Relaunching the coalition and the cost of Etonian English?

'About a month ago, I blogged about a speech by the leader of the Labour Party in which Ed Miliband used quite a lot of verbless sentences (HERE).

Today, I'm grateful to Stefan Stern for alerting me via Twitter (@stefanstern) to an article by David Cameron in today's Daily Telegraph, presumably written as part of the coalition's 'relaunch' after Tory and LibDem losses in the recent local elections.

For Mr Stern, it (rightly) reminded him of the 'content-free' political speech by the late Peter Sellers - which you can enjoy in full HERE.

Miliband was making a speech, but Cameron was writing an article
In the case of Ed Miliband's speech, one of the comments on my blog pointed out that had the full stops been commas, the verbless sentences would no longer have been verbless and could have served as useful stage directions to help the speaker to deliver his messages in nice short chunks.

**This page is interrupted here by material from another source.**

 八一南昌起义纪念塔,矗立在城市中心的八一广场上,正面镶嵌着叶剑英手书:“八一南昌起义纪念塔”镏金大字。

I can see (but don't agree) that some speechwriters might want to make a case for verbless sentences when writing for clients speaking in our sound bite hungry world.

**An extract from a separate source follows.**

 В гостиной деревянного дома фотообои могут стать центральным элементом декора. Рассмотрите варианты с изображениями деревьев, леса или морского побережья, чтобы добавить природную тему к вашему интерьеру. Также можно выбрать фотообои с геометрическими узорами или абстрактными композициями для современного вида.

But I cannot see any justification (or excuse) whatsoever for leaving out verbs when writing an article that is explicitly intended to be read by readers (of a supposedly 'quality' newspaper), as in the following two paragraphs, purportedly penned by the Prime Minister - which, apart from the first sentences, degenerate into verbless lists:

'This is painstaking work.
'Seeing through the reductions to government spending.
'Cutting regulation and business tax to help the private sector.
'Helping start-up firms, investing in apprenticeships and boosting trade to help rebalance our economy in favour of enterprise, manufacturing, technology and exports.
'And repairing our wrecked financial system so that we can have confidence in our banks and they can lend properly again.'
...
'I’m proud of the battles we’ve fought in the first two years of this Government. 
'Battles that we won in education, so that schools toughen up on exams, insist on discipline, and have the freedom to do what teachers and parents want. 
'Battles that we won against the teeth of Labour opposition on immigration control and welfare reform, too.'


If this is the kind of English you end up writing after being educated at Eton, I'd be asking them for my money back if any of my sons wrote like this (which, I'm glad to say, they don't).

Or, if it were a ghost-writer who actually wrote this stuff for Cameron, s/he should be sacked forthwith and sent off for intensive private tuition with Mr Gove.

I'd also quite like to know who pays for such illiterate scribes to work in Downing Street - tax-payers or the Conservative Party?

2 comments:

Nic said...

The paragraphs aren't completely verbless paragraphs, in the first paragraph the word "is" is a verb and in the second, the abbreviated "am" & "fought" are verbs.
All the others aren't sentences, most don't have subjects either.
The subject and verb in most of the two paragraphs are implied though. "We are seeing ... We are cutting... We are helping..." that isn't very good writing most kids would be killed for starting sentences with "We are" all the time. Teachers in my school hated repetition as apparently it showed a) didn't know many words b) couldn't structure what you wanted to say into sentences that weren't repetitive.
Forgive me if I'm wrong, but it reads like that the PM writes in a similar manner to the way he speaks. He's writing as if he were given a speech.
Would the PMs writing and speeches get better if in his speeches and in his writing where he is trying to in us over, implied verbs and subjects are off limits.

nic said...

sorry, that should be to "win us over".
Should be: "that isn't very good writing, most kids would be killed..." I also put a "that" where there was no need for one.
My thoughts were moving faster than my hands and grammar was obviously proving to be too difficult.